Getting Beamer Ball 2.0 on track to ascend
J.C. Shurburtt

Carolina is now 23 games in to Beamer Ball 2.0 under head coach Shane Beamer. There are a lot of good things that have happened during his short tenure so far.

-The Culture that Beamer wants to build is in place in spite ofsome ugly losses. It's helped this team win games this year.
-Carolina signed a top 25 class for 2022 (including a top 10 class from the portal) and has a top 15 class for 2023. In-state recruiting is starting to become more favorable and the staff has made in-roads in areas this program has not always recruited well before like the Washington, D.C., area. The assistant coaches and off-field personnel like Taylor Edwards have all done an excellent job on the trail and it is only going to get better.
-There's an elite support staff with people like Derrick Moore, who is the best in the country at what he does. In today's challenging world for young people and in particular student athletes, there's no more valuable resource.
-Fan support is at an all-time high since Spurrier.
-Williams-Brice Stadium now more closely resembles a rock concert than a college football game at night. It's gone from a tough place to play to an absolutely bonkers atmosphere for night games.
-There is still a state of the art, $50 million ops building and one of the top indoor and outdoor practice facilities in the country in place. That goes along with elite level housing (650 Lincoln) and academic support (The Dodie) for student athletes.
The team is 6-4 and it's been somewhat of a disappointing season to date. Carolina is still going bowling, but this is where you have to dig in and where the past is relevant to the future.
Let’s take stock of all three phases and since it is indeed Beamer Ball, we will start with special teams.

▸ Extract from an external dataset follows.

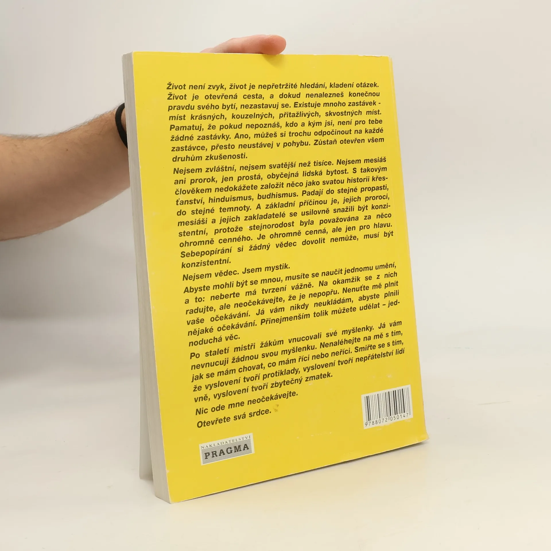 Život není zvyk, život je nepřetržité hledání, kladení otázek. Život je otevřená cesta, a dokud nenalezneš konečnou pravdu svého bytí, nezastavuj se. Existuje mnoho zastávek míst krásných, kouzelných, přitažlivých, skvostných míst. Pamatuj, že pokud nepoznáš, kdo a kým jsi, není pro tebe žádné zastávky. Ano, můžeš si trochu odpočinout na každé zastávce, přesto neustávej v pohybu. Zůstaň otevřen všem druhům zkušenosti.
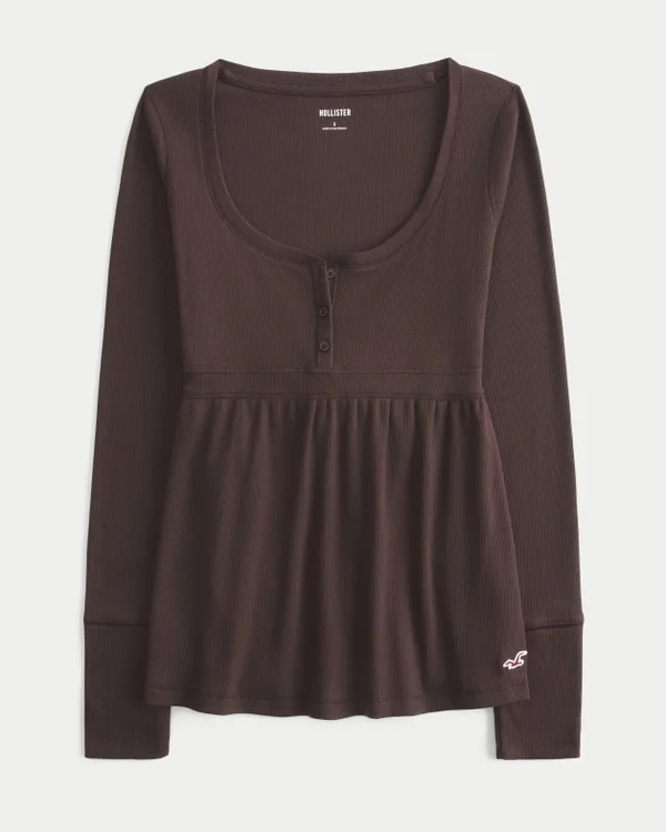 Cute and super soft, this babydoll top features a henley-style button placket and back tie. Long sleeves. Easy Fit.

The Gamecocks have the best special teams in the country, both in terms of eyeball test and metrics. The kicking game is elite, the return game is dangerous, the coverage and block units are excellent and coordinator Pete Lembo, who in many ways is the “Spurrier of special teams” is elite when it comes to scouting the opposing team for opportunities to run fakes that his players execute flawlessly and with confidence. This phase of the game gives Carolina hope and particularly in 2022 has shined. If this continues (and there is no reason why it should not), it is going to make a huge difference now and in the future for this program. Right now, it’s the one spot Carolina has an advantage game to game. This box is checked.

Defensively, the name of the game so far has been turnovers. The Gamecocks are relatively consistent forcing them, though the nature of the game is that you don’t always get them. Even in Saturday’s 38-6 drubbing at the hands of Florida in The Swamp, cornerback Darius Rush had his hands on an interception early. Beyond that, though, we’ve seen Clayton White, USC’s defensive coordinator, dial up plenty of exotic pressures from time to time and a Carolina secondary that seems to disguise its coverages well, leading to interceptions. We have seen White’s units both here and at Western Kentucky get into attack mode and cause a lot of havoc and chaos, which is exactly what you want a defense to do. Yes, this side of the ball needs to get better at stopping the run like yesterday, but the players have all commented on how fun it is to play in the scheme and when it is clicking, it’s quite good.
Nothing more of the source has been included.